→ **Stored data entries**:
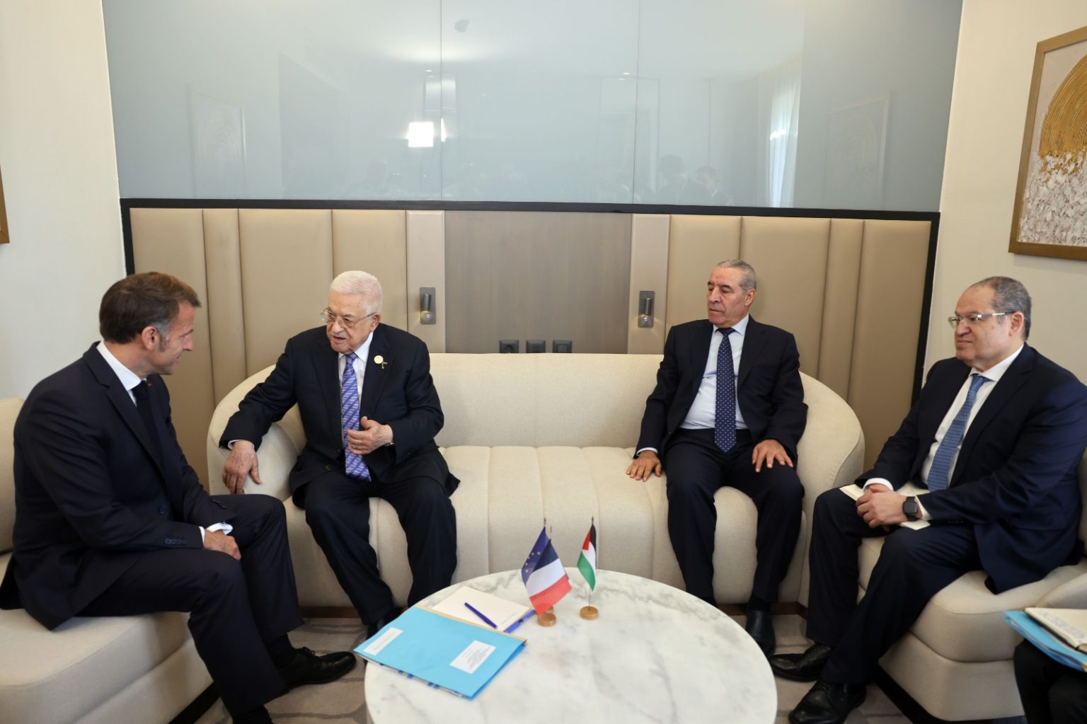وشكر الرئيس، نظيره الفرنسي، على اعتراف بلاده بدولة فلسطين، وترؤسها إلى جانب السعودية المؤتمر الدولي رفيع المستوى لتسوية القضية الفلسطينية، وتنفيذ حلّ الدولتين.
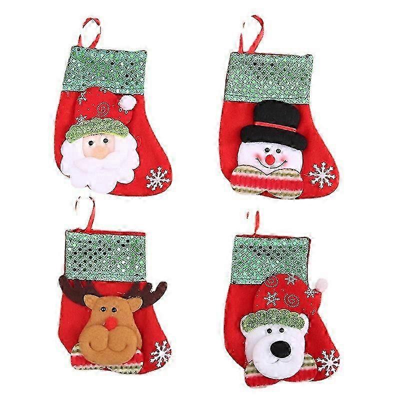 Christmas Stockings, 4 Pieces Mini Christmas Stockings, Christmas Socks Decoration, Small Christmas Socks to Hang, Fireplace Stocking, Christmas Boot
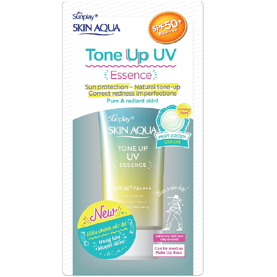 Chống mọi tia UV với SPF 50+ và PA++++ Nâng tông da sáng trong veo, rạng rỡ Hiệu chỉnh sắc da, che phủ tự nhiên với sắc xanh mint tươi mát Tạo hiệu ứng trong suốt 3D với các hạt ngọc trai siêu mịn Giữ ẩm và dưỡng sáng da với Hyaluronic Acid và Vitamin C Tinh chất chống nắng hiệu chỉnh sắc da Sunplay Skin Aqua Tone Up UV Essence – Mint Green Chống mọi tia UV – Che phủ tự nhiên Nâng tông da sáng trong veo, rạng rỡ Dùng hàng ngày, dành riêng cho da mặt CHÔNG NẮNG HIỆU QUẢ VỚI: – PA++++ tăng cường chống mọi loại tia UVA (gây đen sạm, nám, tàn nhang, nếp nhăn, đốm nâu,) – SPF50+ ngăn tia UVB (gây rát da, cháy nắng,). Dòng sản phẩm Chống nắng hiệu chỉnh sắc da che khuyết điểm Tone Up UV Mint Green có hai phiên bản: – Sunplay Skin Aqua Tone Up UV Essence: Dành cho mọi loại da, đặc biệt là da sáng, nhạy cảm, mẩn đỏ. – Sunplay Skin Aqua Tone Up UV Milk: Dành cho nhóm da dầu, da hỗn hợp, da thường; đặc biệt là da sáng, nhạy cảm ngay cả khi nổi mẩn đỏ. 1 – Hướng dẫn sử dụng: – Thoa đều sản phẩm trước khi ra nắng. – Dùng hàng ngày để bảo vệ da dưới tác động của tia UV hiệu quả. – Sau khi ra mồ hôi nhiều, thoa lại để hiệu quả chống nắng được duy trì. 2 – Lưu ý: – Không thoa lên vết thương hở hoặc bị bỏng. – Ngưng sử dụng và tham khảo ý kiến bác sĩ nếu có dấu hiệu dị ứng như: nổi mẩn đỏ, sưng, ngứa. 3 – Bảo quản: – Bảo quản nơi khô mát, tránh ánh nắng mặt trời trực tiếp chiếu vào. 4 – Thông tin thương hiệu: – Thương hiệu Sunplay – Xuất xứ thương hiệu: Nhật Bản – Nơi sản xuất: Việt Nam – Hạn sử dụng: 3 năm kể từ ngày sản xuất – Ngày sản xuất và số lô: Xem chi tiết trên bao bì.
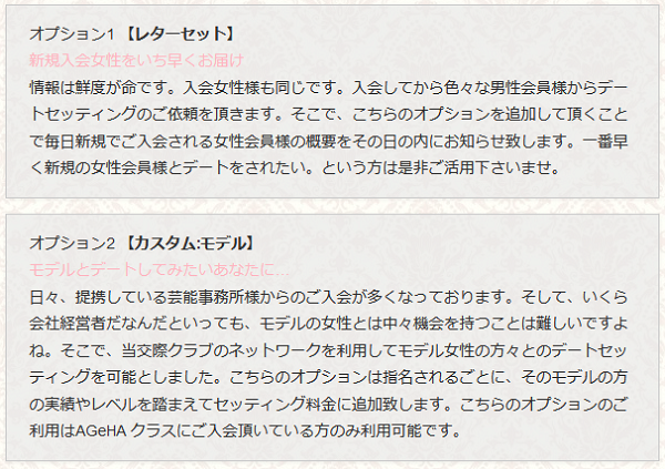 女性は容姿と品性、教養などを総合的に審査した上で入会が許可されており、実際に会ったときにイメージと違ってがっかり…とならないように努力しています。
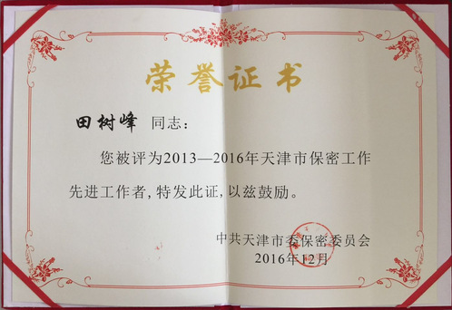 近日,天津市委保密委公布了天津市保密工作先进集体和先进工作者最终评选结果。我校保密办和科技处田树峰同志分别荣获“天津市保密工作先进集体”和“天津市保密先进工作者”称号,这是我校首次荣获此类项荣誉称号。
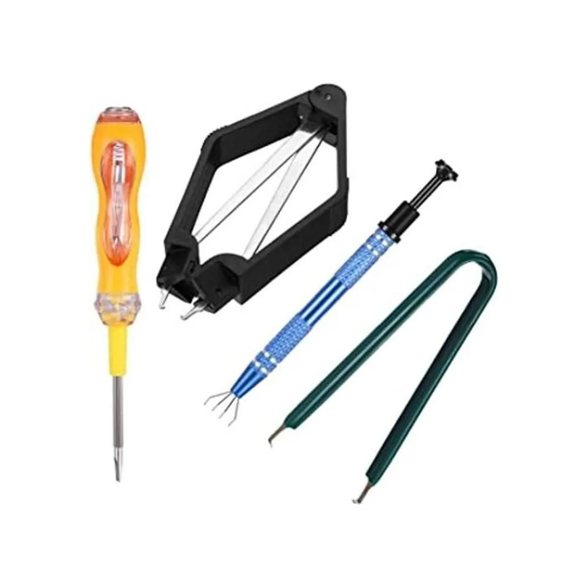 Diseño y practicidad: el diseño de 4 garras de recogedor de 4 garras puede agarrar firmemente objetos pequeños como tornillos de fijación, y no es fácil de caer. El material antideslizante del extractor IC en forma de U y el diseño en forma de U ahorra trabajo pueden reducir la fatiga de la mano, ahorrando esfuerzo. El diseño de gancho pequeño del extractor de chip PLCC IC puede extraer e instalar rápidamente el conductor IC sin dañarlo. El probador eléctrico puede probar si hay electricidad para evitar electricidad. choque.
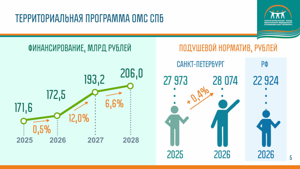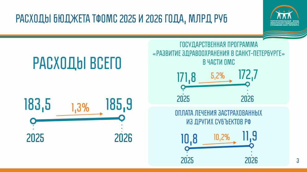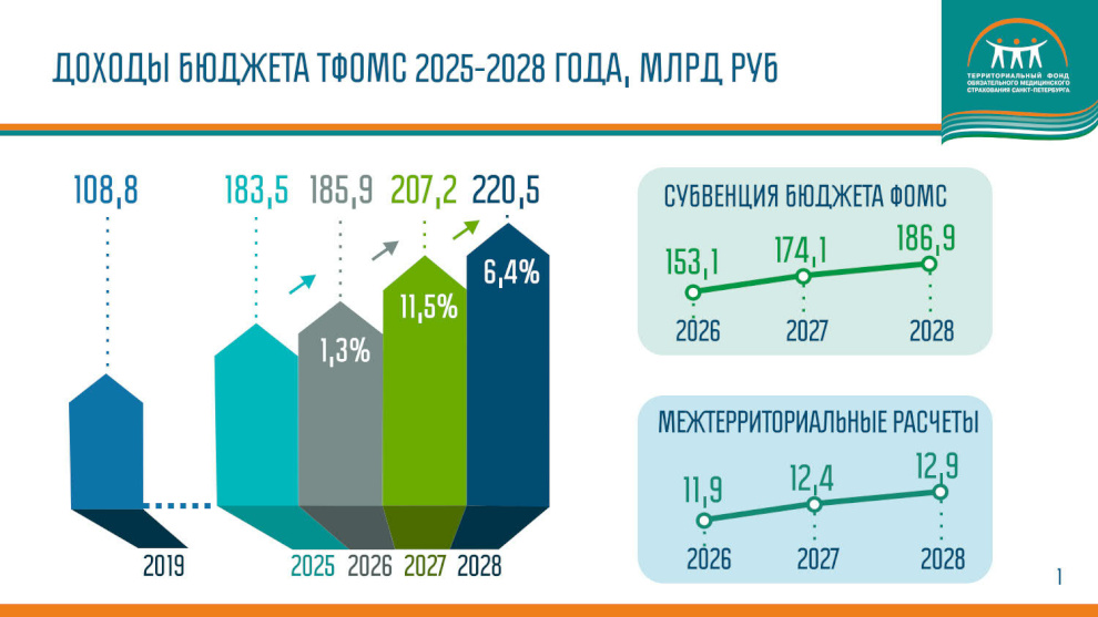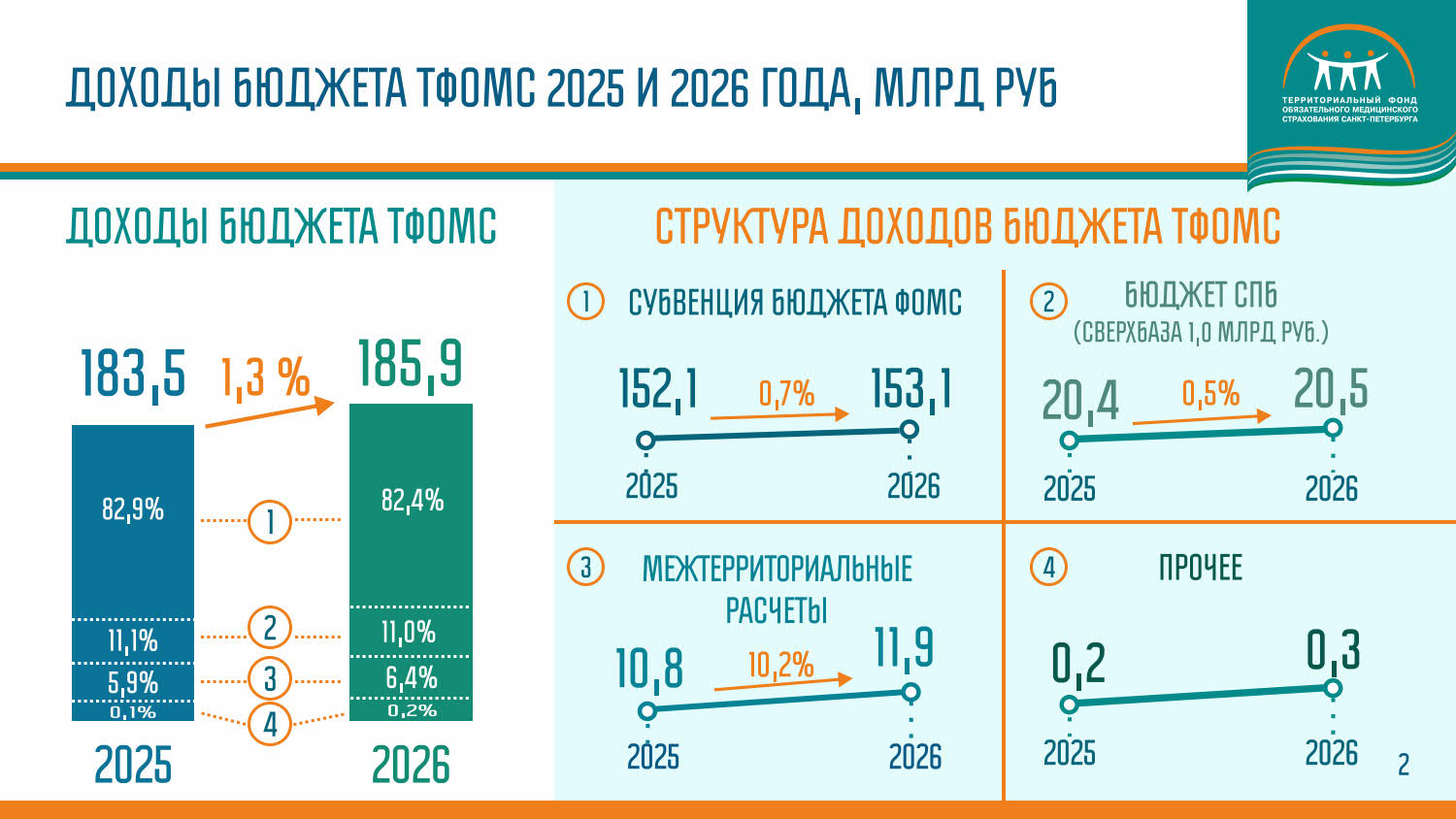 Доходная часть бюджета Территориального фонда ОМС Санкт‑Петербурга на 2026 год увеличивается по сравнению с 2025 годом на 1,3% и составит 185,9 млрд рублей. Планируется, что в 2027 году бюджет фонда составит порядка 207 млрд рублей, в 2028 году – более 220 млрд рублей.
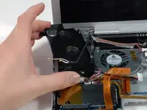 Одной рукой отведите назад кабель динамика и другой рукой поднимите оптический привод и выньте его из компьютера.

→ **Problem to solve**:
Lines wanted from the entries above: the one with "女性は容姿と品性、教養などを", the one with "近日,天津市委保密委公布了天", and all lines between. Please copy them exactly, without the pictures and without anything else.

→ **Written response**:
 女性は容姿と品性、教養などを総合的に審査した上で入会が許可されており、実際に会ったときにイメージと違ってがっかり…とならないように努力しています。
 近日,天津市委保密委公布了天津市保密工作先进集体和先进工作者最终评选结果。我校保密办和科技处田树峰同志分别荣获“天津市保密工作先进集体”和“天津市保密先进工作者”称号,这是我校首次荣获此类项荣誉称号。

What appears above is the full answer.